I towed a 16 foot travel trailer 1000 miles from San Francisco CA to Spokane WA with a Toyota Highlander 6 cylinder AT last summer. The trailer weighed close to 3000 lbs gross and did not have working electric brakes. The Toyota Tacoma pickup with 6 cylinder engine is about the same weight capacity and power as the highlander and it should haul a 6 x 12 trailer over a long distance without any major trouble as long as the weight capacity of the trailer and towing vehicle is not exceeded, however there are a couple things to be careful of:

Braking distance is greatly reduced when towing a trailer. Drive slow and be extra careful in mountains and tight turns.
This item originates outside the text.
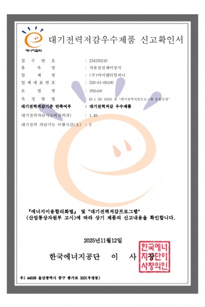 [대기전력저감우수신고확인서] IFH1230 (25.11.12)

Driving for long distances, especially uphill or against the wind and during hot weather will tend to overheat the transmission. If the weather conditions are very hot, you might consider driving at night or start very early in the morning. If this is just a one time trip, your transmission will most likely be fine as long as you keep an eye on the warning lights and don't push it too much. If you haul heavy loads over long distances regularly, consider adding a transmission cooler to the vehicle.


----------



## if it flies it dies1 (Mar 22, 2008)

I had a 2007 yota with the 4.0 and i pulled a 6x12 with no problem at all. GO YOTAS


----------



## SNOTS (Feb 27, 2010)

Go a head and pull it. If it breaks down you cans stop and buy a ford and put the toyota in the trailer. 6x12..... it should fit! haha


----------



## Save Hens (Mar 15, 2008)

SNOTS said:


> Go a head and pull it. If it breaks down you cans stop and buy a ford and put the toyota in the trailer. 6x12..... it should fit! haha


Or a Chev, but i like it.. :rollin: :rollin:


----------



## Andy Weber (Nov 18, 2009)

Save Hens said:


> SNOTS said:
> 
> 
> > Go a head and pull it. If it breaks down you cans stop and buy a ford and put the toyota in the trailer. 6x12..... it should fit! haha
> ...


No no, you stop and buy the chevy after the ford quits, then you can stack them in the trailer and pull it home with a real truck!


----------



## Save Hens (Mar 15, 2008)

like a tacoma right... :wink:


----------